Five, quantitative analysis and reasonable setting of the number of working threads

Finally, let's answer the question of how reasonable the number of worker threads is.
Through the above analysis, during the execution of the Worker thread, one part of the calculation time needs to occupy the CPU, and the other part of the waiting time does not need to occupy the CPU. Through quantitative analysis, such as logging for statistics, it is possible to count the entire Worker thread execution process.

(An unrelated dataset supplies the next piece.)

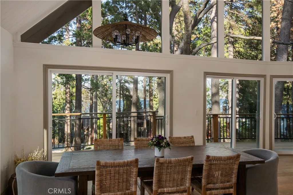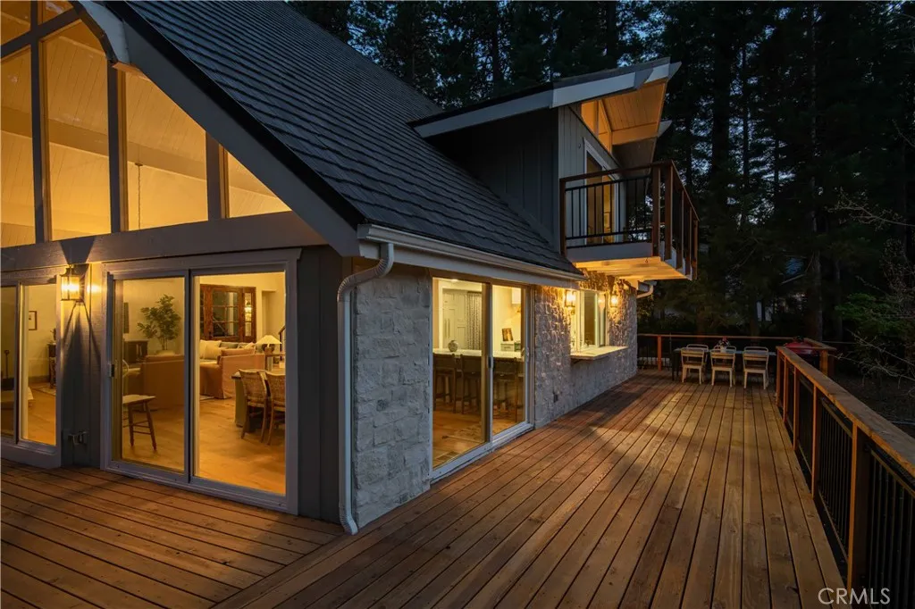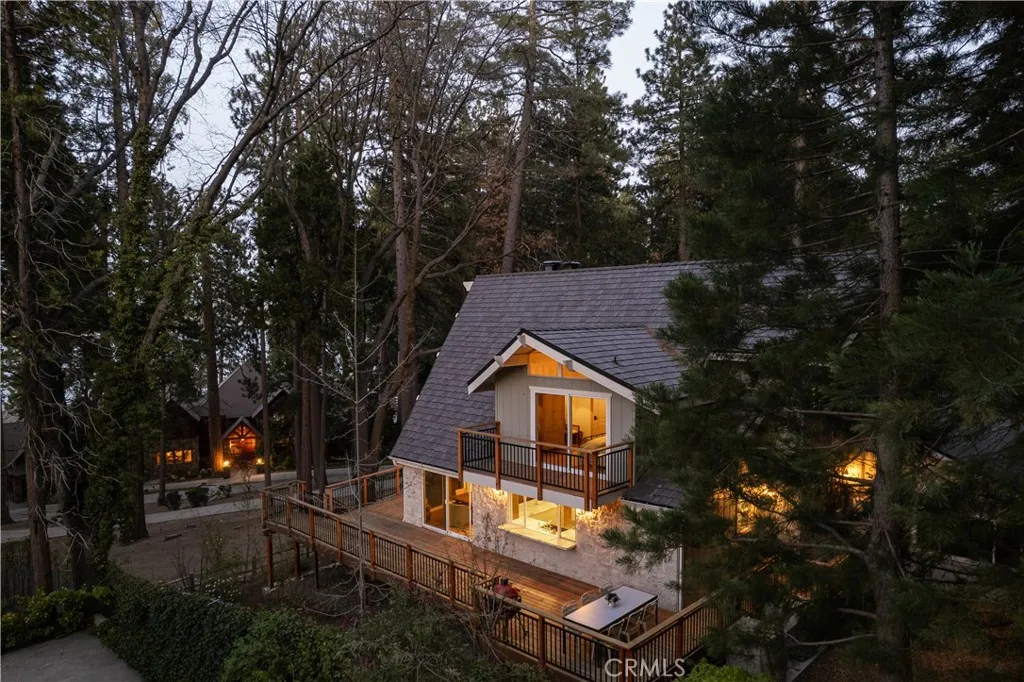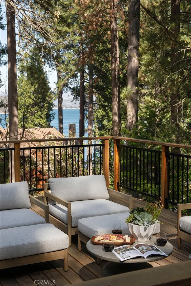 The SkyStone LakeHouse. Welcome to luxurious lake living in the exclusive, guard-gated community of Point Hamiltair—Lake Arrowhead’s most prestigious and sought-after enclave. Known for its 24/7 security, concierge services for home upkeep, and a long-standing legacy of celebrity and socialite residents, this community offers the ultimate in comfort, privacy, and prestige. Located directly across from a $12 million estate and just a short stroll or golf cart ride to your private boat slip, this exquisitely remodeled lakeview home blends timeless mountain charm with top-tier modern upgrades—offering a true turnkey lifestyle. From the moment you arrive, you’re greeted by breathtaking lake and tree views framed by soaring high-beam A-frame ceilings and an iconic wall of windows. Natural light pours into the open-concept living space, where wide plank European white oak floors and a floor-to-ceiling stone fireplace create the perfect balance of warmth and sophistication. The spacious living area is ideal for entertaining, with abundant seating to relax and soak in the views. The gourmet kitchen is a designer’s dream, featuring marble countertops, custom cabinetry, a show-stopping Ilve Italian range, European fixtures, and a convenient pass-through shelf that connects directly to the expansive outdoor dining area. Step outside to your wrap-around deck, thoughtfully designed with multiple lounge and dining zones, a built-in BBQ area, and serene spaces to enjoy al fresco meals beneath the stars. The main-level primary suite is a tranquil retreat with a walk-in closet and spa-inspired ensuite bathroom, complete with marble counters, a custom tile steam shower, and luxury plumbing fixtures. Upstairs, two bright guest bedrooms with vaulted ceilings share a stylish full bath with a walk-in shower and designer vanity. The lower level offers a brick-floored entertainment lounge with a second fireplace, wet bar, game area, ¾ bath, and direct access to the fenced yard and lower patio. Additional upgrades include a new roof, rebuilt decks and railings, exterior stonework, concrete walkways, professional landscaping, and a subterranean sprinkler system. Offered beautifully furnished (furniture negotiable), this lake view masterpiece is ready to enjoy. A rare opportunity to own in one of Lake Arrowhead’s most iconic and luxurious communities.

The ratio of the two parts of time, for example:
1) Time axis 1, 3, 5, 7 [Pink time axis in the figure above] The calculation execution time is 100ms
2) Time axis 2, 4, 6 [Orange time axis in the figure above] The waiting time is also 100ms
. The result is that the calculation and waiting time of this thread is 1:1, that is, 50% of the time is calculated (occupying CPU), and 50% of the time is waiting (not occupying CPU):
1) Assumption At this time, it is a single core, and the CPU can be fully utilized by setting it to 2 worker threads, and the CPU can run to 100%.
2) Assuming that it is N cores at this time, setting it to 2N job sites can fully utilize the CPU , Let the CPU run to N*100%

Conclusion:
N-core server, through the single-threaded analysis of the business execution, the local computing time is x and the waiting time is y, then the number of working threads (thread pool threads) is set to N*(x+y)/x, which allows the CPU The utilization rate is maximized.

Experience:
Generally speaking, for non-CPU-intensive services (encryption, decryption, compression, decompression, search and sorting, and other services are CPU-intensive services), the bottleneck is in the back-end database, and the local CPU calculation time is very small, so set a few Ten or hundreds of worker threads are also possible.

6. Conclusion

N-core server, through the single-thread analysis of the business execution, the local computing time is x and the waiting time is y, then the number of working threads (thread pool threads) is set to N*(x+y)/x, which can make use of the CPU Maximize the rate.